Chinese mutual funds have been booming of late, with new fund launches raising more than 364 billion yuan between January 1 and April 21, according to a recent report in the China Securities Journal. A good chunk of this money could go south. “The market currently estimates there may be more than 100 billion yuan in funds on the mainland ready to invest in Hong Kong stocks,” Chen Baixun, head of wealth management at Hong Kong–based Bank of East Asia, was quoted as saying in late April by the Shanghai Securities News.Mainland exchange-traded funds that track the Hang Seng index have also seen substantial investor inflows. In the first five trading days after the CSRC’s March announcement, the Easy Way to Reach Hang Seng H-shares ETF’s assets rose 31 percent, to 1.3 billion yuan, while the smaller Chinese Hang Seng ETF’s holdings jumped 43 percent, according to the state-run Securities Times newspaper. Both funds are managed by China Asset Management Co.
The authorities are expected to take more steps in the near future to broaden Chinese investors’ access to overseas markets, according to securities analysts and Chinese media reports.
State media have suggested that the authorities may launch a Shenzhen–Hong Kong cross-border stock investment program this year. Chinese officials have also hinted at possible tie-ups with overseas exchanges. Analysts say the Singapore Exchange is a potential partner for a Connect-like linkup with a mainland exchange.
Connect is an innovation that’s designed “to enhance the level of internationalization of our asset management industry,” Deng Ge, a spokesman for the CSRC, said recently. Hong Kong officials echo that point. “Stock Connect is more than just another simple investment channel,” Charles Li, CEO of Hong Kong Exchanges and Clearing, wrote in an April 9 blog entry. “Its real, lasting meaning will be in enabling Chinese investors to internationalize their asset allocation in order to grow their wealth over the long term.”
UBS Securities’ Lu says Connect is likely to be a first step toward giving mainland investors the power to play stock and even bond markets worldwide. “The general trend is definitely to liberalize cross-border investment,” Lu says. “Southbound investment is just a part of that.” He predicts regulators will open the cross-border investment window wider within a matter of months.

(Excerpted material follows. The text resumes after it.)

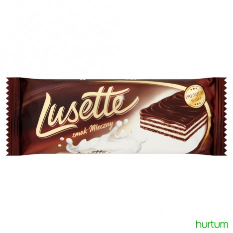 Kruchy wafelek przekładany kremem (70%) o smaku mlecznym w polewie kakaowej.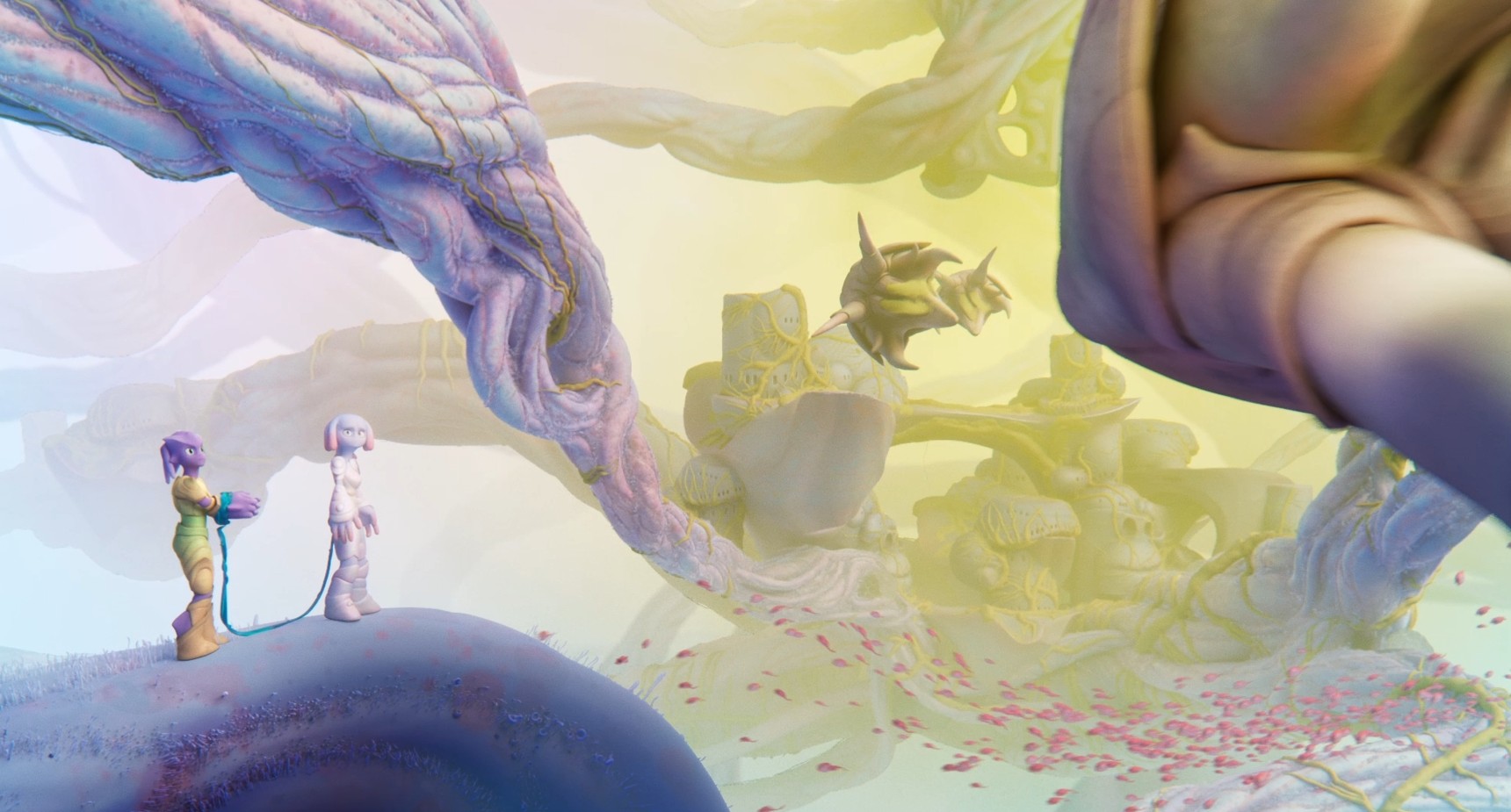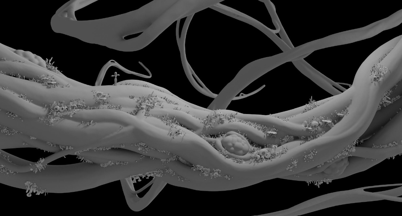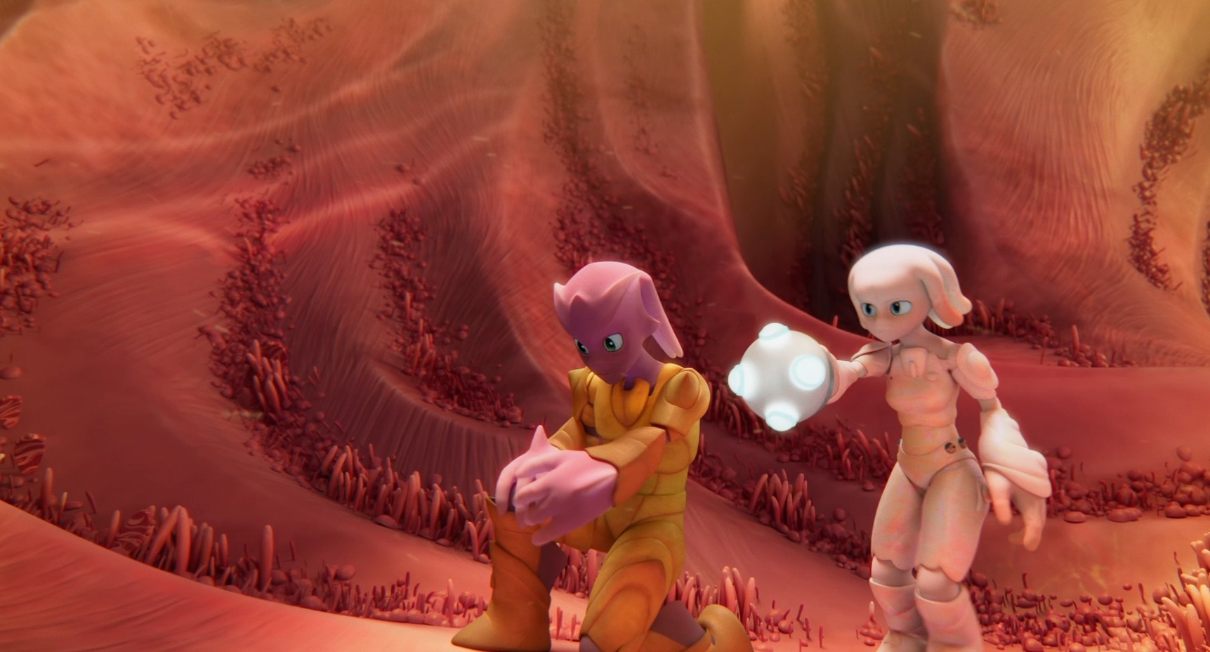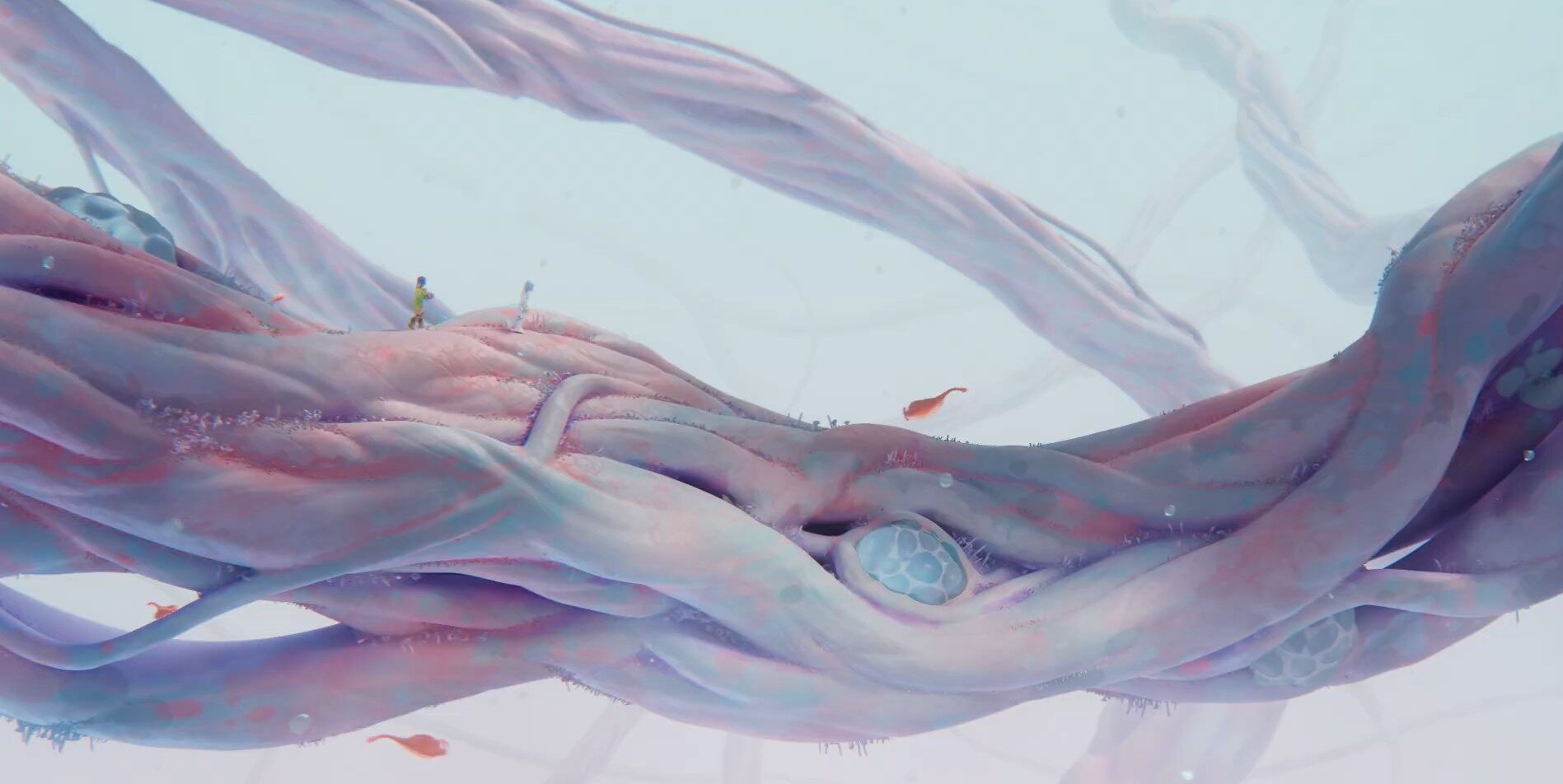 Épuisés, les deux personnages se rapprochent. Viruso, émerveillé par ce monde et par ce geste, pose sa tête sur l’épaule de Globula. Ils s’endorment.

Deng told reporters in early April that Chinese and Hong Kong securities regulators were jointly studying a proposal to raise the Connect program’s trading limits. Current rules set net buying limits of 10.5 billion yuan for Chinese investors going into Hong Kong and 13 billion yuan for foreign investors going into Shanghai.
The quotas were originally set “to ensure the scheme got off the ground in a smooth and stable way,” said Hong Kong Exchanges’ Li. But with Chinese investors bumping up against the southbound quota limit, exchange officials “are urging authorities to quickly expand the quotas,” he added.
China’s market regulators “are looking to encourage firms to invest offshore and, as part of this, are looking to provide multiple access points to do so,” says Stephen Baron, Z-Ben Advisors’ deputy director of strategic solutions. He suggests that the Connect program could become the main vehicle for mainland investors to play the Hong Kong market, whereas the Qualified Domestic Institutional Investor program, which the authorities initiated in 2006 to enable Chinese institutions to invest in overseas markets, focuses on other foreign markets and becomes the means by which Chinese investors get “broader global exposure.”